Trump to pardon ex-Honduras leader serving drug trafficking sentence in US

Honduras' President Juan Orlando Hernandez was convicted on charges that he enabled drug traffickers to use his military and national police force to help get tons of cocaine into the United States.
Honduras' President Juan Orlando Hernandez was convicted on charges that he enabled drug traffickers to use his military and national police force to help get tons of cocaine into the United States. Photograph: Moisés Castillo/AP

Donald Trump has said he will grand a pardon to Juan Orlando Hernández, the former president of Honduras who is serving a 45-year prison sentence in the US on drug trafficking and weapons charges.

“I will be granting a Full and Complete Pardon to Former President Juan Orlando Hernandez who has been, according to many people that I greatly respect, treated very harshly and unfairly,” Trump said Friday in a post on Truth Social.

In March of last year, Hernández was convicted in US courts of accepting millions of dollars in bribes to protect US-bound cocaine shipments belonging to traffickers he once publicly proclaimed to combat.
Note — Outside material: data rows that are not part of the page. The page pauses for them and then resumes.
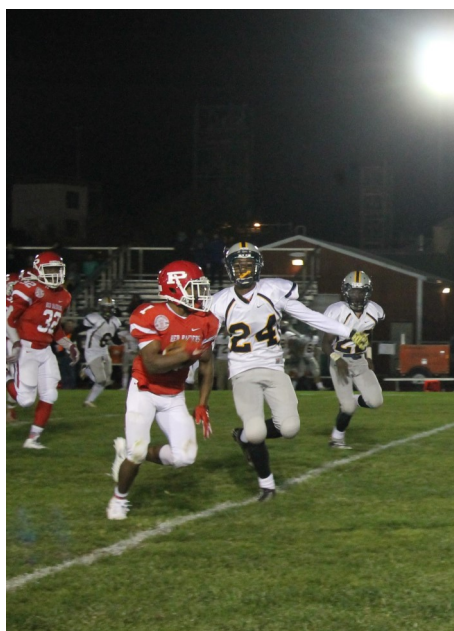
PHS Varsity Football Team

ers will see if they can keep it going when they play Pennsville Eagles in the semi-finals of the playoffs. This team beat the Red Raiders last year 27-13 in the semi-final, hopefully this year it changes and the Red Raiders can make it to the championship game against Salem or Woodbury.
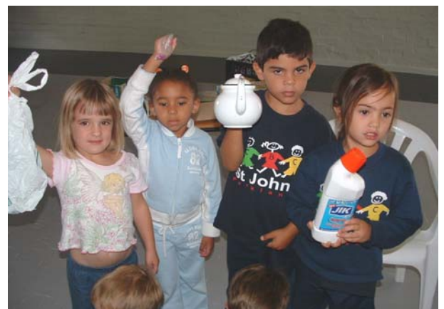
Pre-Schoolers from CBC St Johns
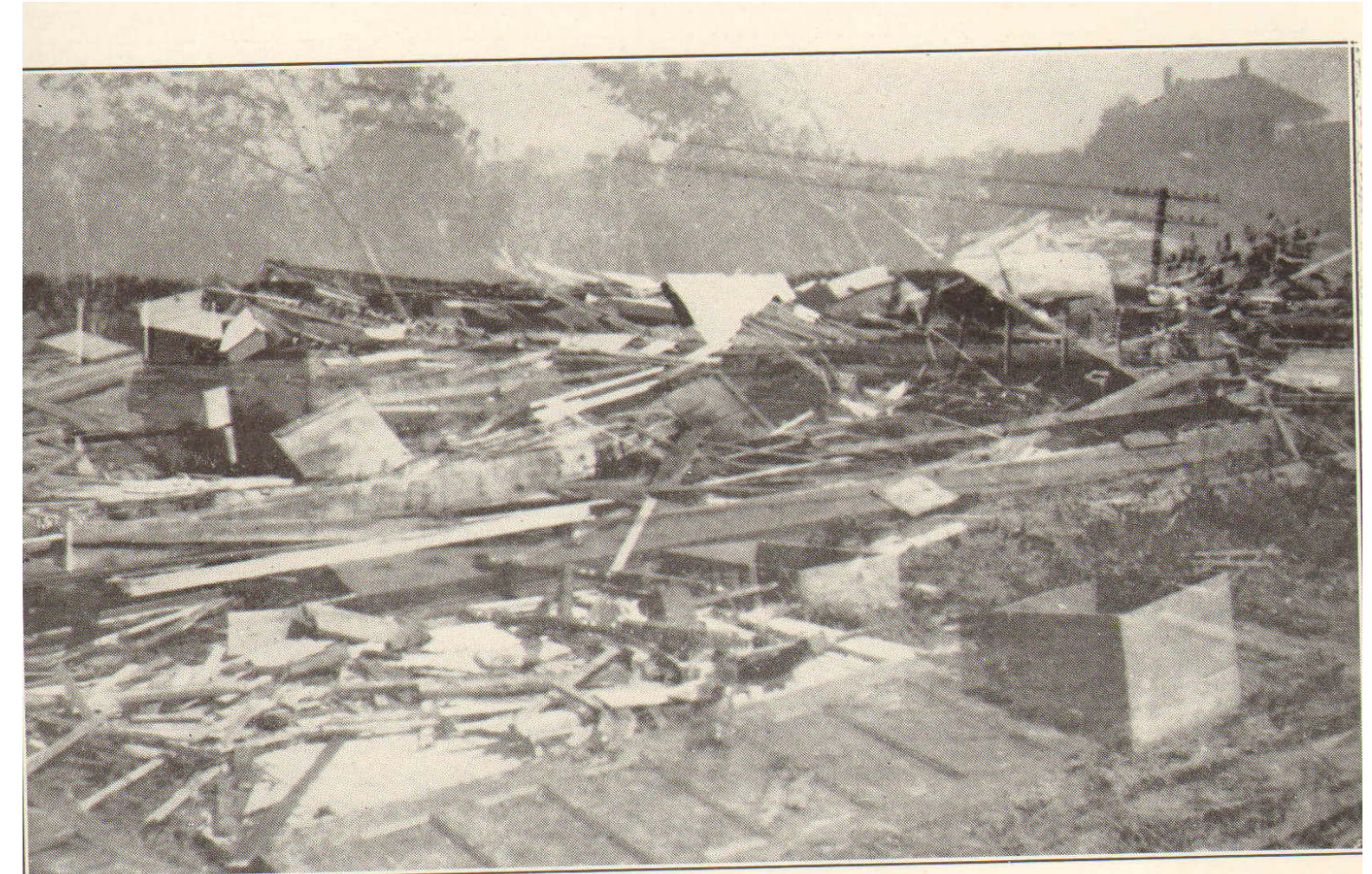
Shambles created by hurricane as it swept through Ocean Grove.
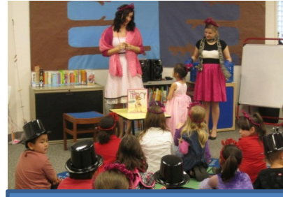
Fancy Nancy Party!!
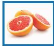
Grapefruit, Ruby 980-4147 | 1/5 lb 980-4097 | 6/5 lb
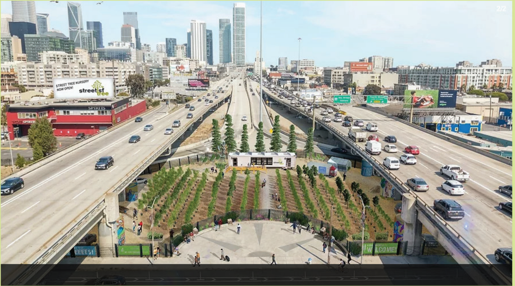
Envision the current site transformed by a tree nursery.

The grant program aims to improve unsightly land adjacent to the state's highways that all too often are blemished with trash and graffiti. The area around the ramps long has been a neighborhood eyesore.
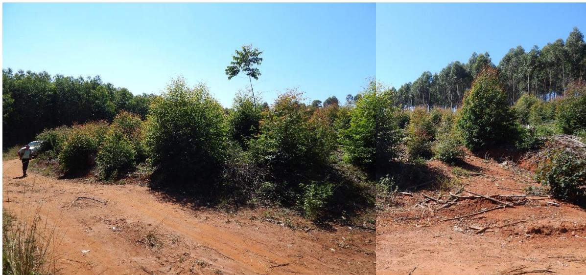
Fig. 4: A general view of the area where Dam 2 will be located. The area is still part of the timber plantation, with young trees.
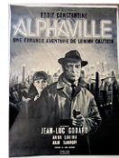
One of many large linen backed Vintage Posters

Walkaround sale with No Internet bidding. Absentee and phone bidding available.
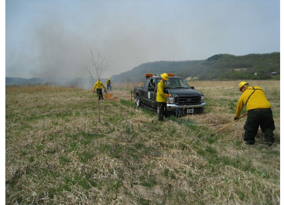
Early spring prescribed burn
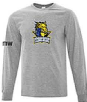
ATC Youth Everyday Cotton Long Sleeve Tee
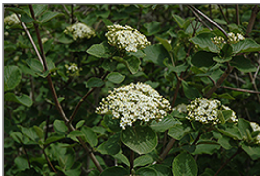
Wayfaring Tree flowers

This is a relatively low maintenance shrub, and should only be pruned after flowering to avoid removing any of the current season's flowers. It is a good choice for attracting birds to your yard, but is not particularly attractive to deer who tend to leave it alone in favor of tastier treats. It has no significant negative characteristics.
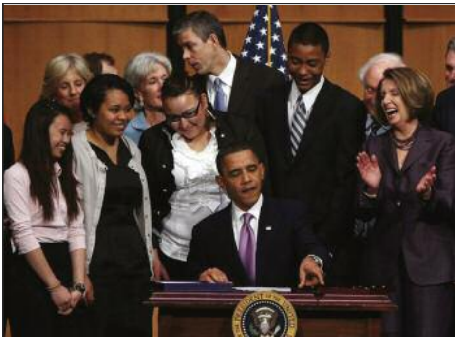
U.S. Speaker of the House Nancy Pelosi (D) applauds after U.S. President Barack Obama signed the Health Care and Education Reconciliation Act of 2010 during a signing ceremony at Northern Virginia Community College March 30, 2010 in Alexandria, Virginia. The legislation modifies the health care reform signed by President Obama at the White House last week, and adds additional language significantly changing the process of student loans, following passage by the House of Representatives and Senate.
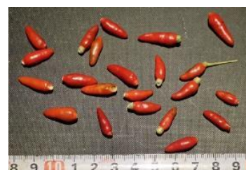
Sample Photo 66. A66. Capsicum frutescens
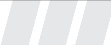
DOOR VISOR WITH CHROME
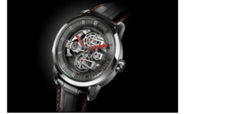
Carmelo Anthony's Haute Time Watch of the Day: Christophe Claret – The Soprano Tourbillon Minute Repeater
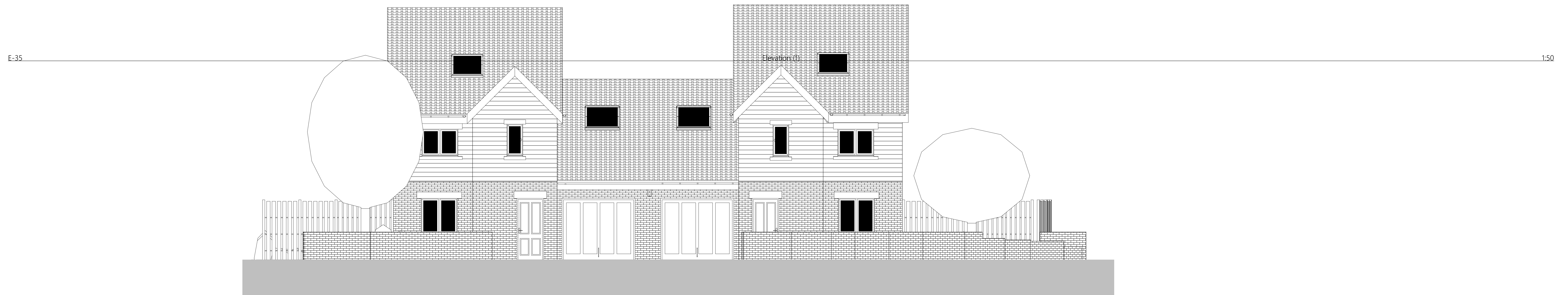
Front Elevation House Type 2 View from Back Lane West
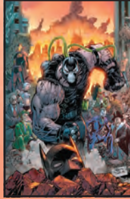
BATMAN #75 DC COMICS
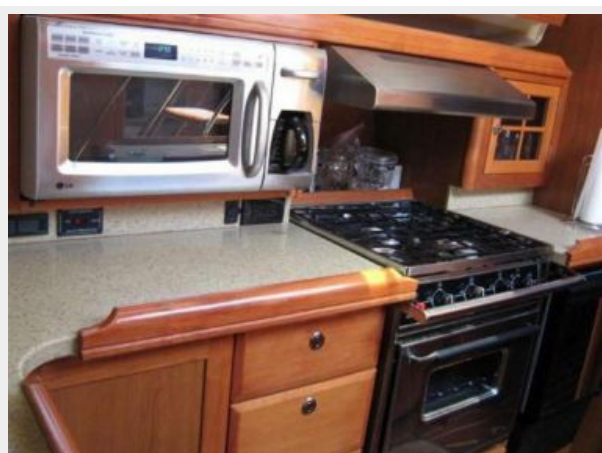
Galley Detail 1
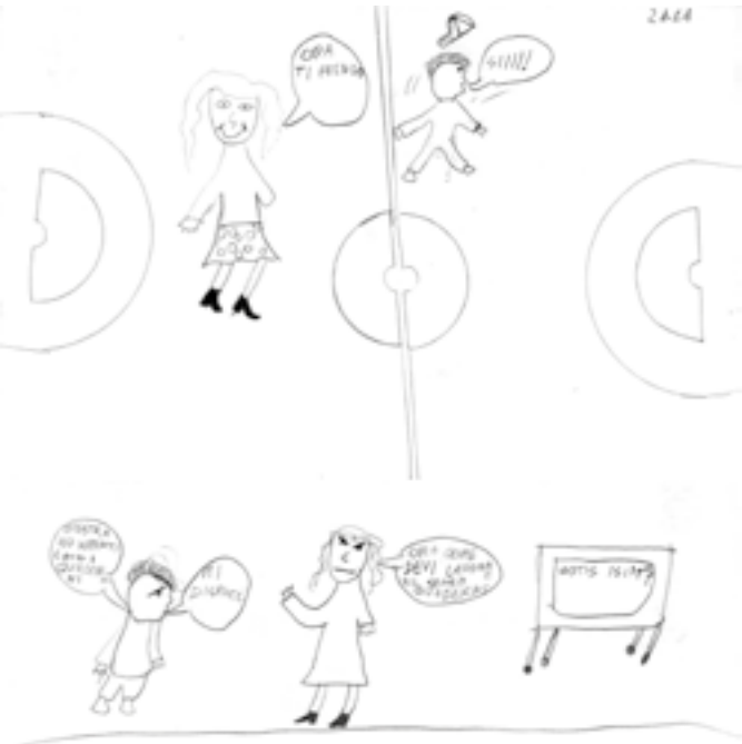
Figure 2. A Boy's (2nd grade) Drawings. P drawing (left): Special Moment; Teacher "Now I will catch you"; Child: "Yesss! N drawing: Interpersonal Exchange; Child: "Teacher, I forgot the notebooks"; Teacher: "Now you have to work without the notebooks"; Child: "I'm sorry."

The contingency coefficient, calculated on the data of Table 1, was significant (0.38, p < .001 ). In fact, in 106 cases (43%) children chose to contrast a negative and a positive version of the same situation, especially school success in P and failure in N (category 3) or exchange of affection in P and reproach in N (category 4). However, there were many exceptions (as also evident in Table 1):
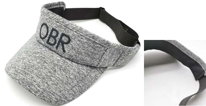
HY20959 Melange grey jersey fabric, "OBR" 3D printed logo on middle front panel..Elastic band Closure.
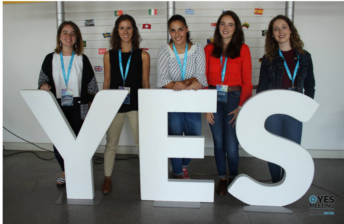
Figure 1. Photo from the YES Meeting, 2016.

Founded by a group of medical students and directed towards students, YES Meeting is driven by three major goals: to promote junior research on the biomedical field, to provide students with an experience sharing platform and to narrow the gap between world renowned researchers and the next generation of scientists. On its 11th edition, held from the 15th to the 18th of September 2016, more than 450 participants from 23 different nationalities had the opportunity to engage in an outstanding scientific program, present their own work, choose from over 40 challenging workshops and discover the city, through an exciting social program.
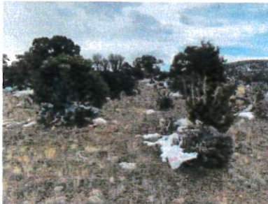
Example of litter found stuck in vegetation off landfill property that has been piling up for years.
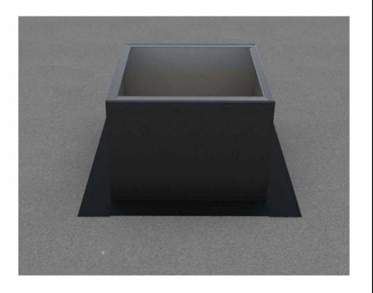
Step 1: For Roof Curb Installation see roofvents.com
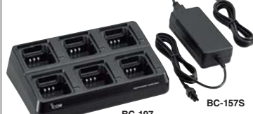
BC-197 BC-157S Charges up to six BP-245N in 2.5 hours (approx.). AD-129 is supplied with the BC-197, depending on version.
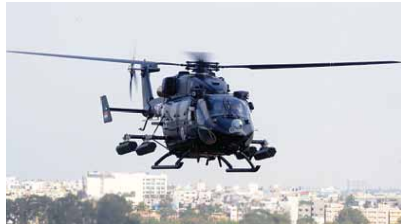
HAL LEADING THE INDIGENISATION EFFORTS: (LEFT) HTT-40; (RIGHT) RUDRA

A unique flying display of HAL's indigenous platforms (both fixed and rotary wing) aptly titled 'Aatmanirbhar Formation Flight' is a part of the flying display during the 13th edition of Aero India-2021. HAL is displaying its prowess in defence and aerospace centered on the theme 'Conceive. Indigenise. Collaborate' at the world's first hybrid exhibition.
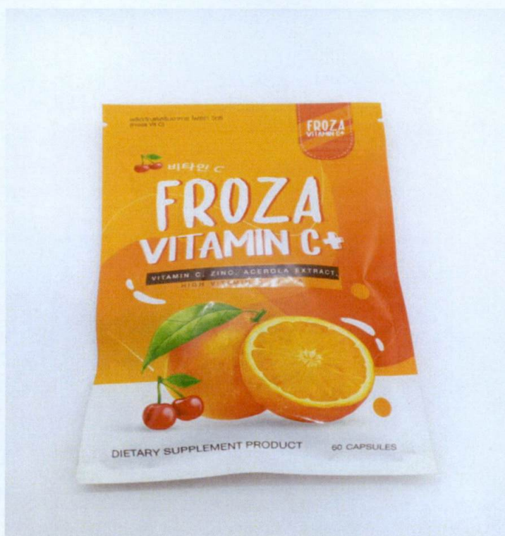
Figure 1. Unregistered FROZA Vitamin C+ Dietary Supplement

The Food and Drug Administration (FDA) warns all healthcare professionals and the general public NOT TO PURCHASE AND CONSUME the unregistered food supplement:
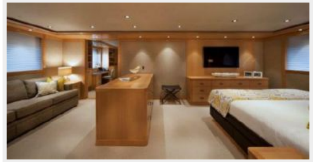
Master Stateroom, Aft View to Office and Foyer
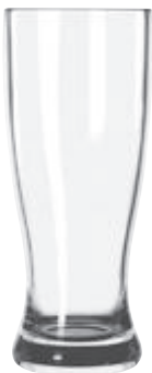
Pilsner Item No. 6034970 Model No. 92417 14 oz./414 ml. H7 T2½ B2½ D2½ 1 doz./6# .55 cu. ft. SCC 555014
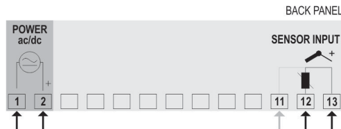
Fig. 1 – N320 terminals

Fig. 1 below shows the temperature meter connections to sensor, mains and outputs.

Speaking during closing arguments at the trial, assistant US attorney Jacob Gutwillig said Hernández had “paved a cocaine superhighway to the United States”.

Hernández was sentenced last June and called his conviction wrongful. He had served served two terms as the leader of the Central American nation of roughly 10 million people, and was considered a top US ally in Central America, particularly by the Trump administration.

Trump’s announcement to pardon Hernández comes even as the Republican leader casts himself as being tough on combating drug problems.

Trump’s administration designated multiple drug cartels as “foreign terrorist organizations” and used claims of a “war on drugs” to justify deadly airstrikes on vessels across the Caribbean and Pacific. These strikes have prompted the United Nations and other humanitarian organizations to condemn the operations as extrajudicial executions.

The post was part of a broader message from Trump that backed Tito Asfura for Honduras’ presidency in upcoming elections, with Trump saying the US would be supportive of the country if he wins. But if Asfura loses the election this Sunday, Trump posted that “the United States will not be throwing good money after bad, because a wrong Leader can only bring catastrophic results to a country, no matter which country it is.”

Asfura’s party forged a close partnership with Washington under Hernández, who governed from 2014 to 2022 and was arrested shortly after leaving office.

Honduras has been governed since 2021 by Xiomara Castro, who has forged close ties with Cuba and Venezuela, two countries mired in deep economic and human rights crises whose governments the Trump administration sees as dictatorships and has repeatedly criticized.

Castro has leaned into a leftist stance, but she has kept a pragmatic and even cooperative attitude in dealing with the Trump administrations, and has received a visit from the US homeland security Secretary Kristi Noem. The president has even backed off his threats to end Honduras’ extradition treaty and military cooperation with the US. Under Castro, Honduras has also received its citizens deported from the US and acted as a bridge for deported Venezuelans who were then picked up by Venezuela in Honduras.

Hondurans go to the polls on Sunday to vote in an election that remains a toss-up, with polls showing Asfura, the former mayor of the capital Tegucigalpa, virtually tied with former defense minister Rixi Moncada of the ruling leftist LIBRE Party, and television host Salvador Nasralla of the centrist Liberal Party.

Whichever candidate wins a simple majority on Sunday will govern Honduras between 2026 and 2030. Some political analysts fear more than one candidate could claim victory.

The Organization of American States and Washington have raised concerns about Honduras’ electoral process and said they are monitoring the election closely.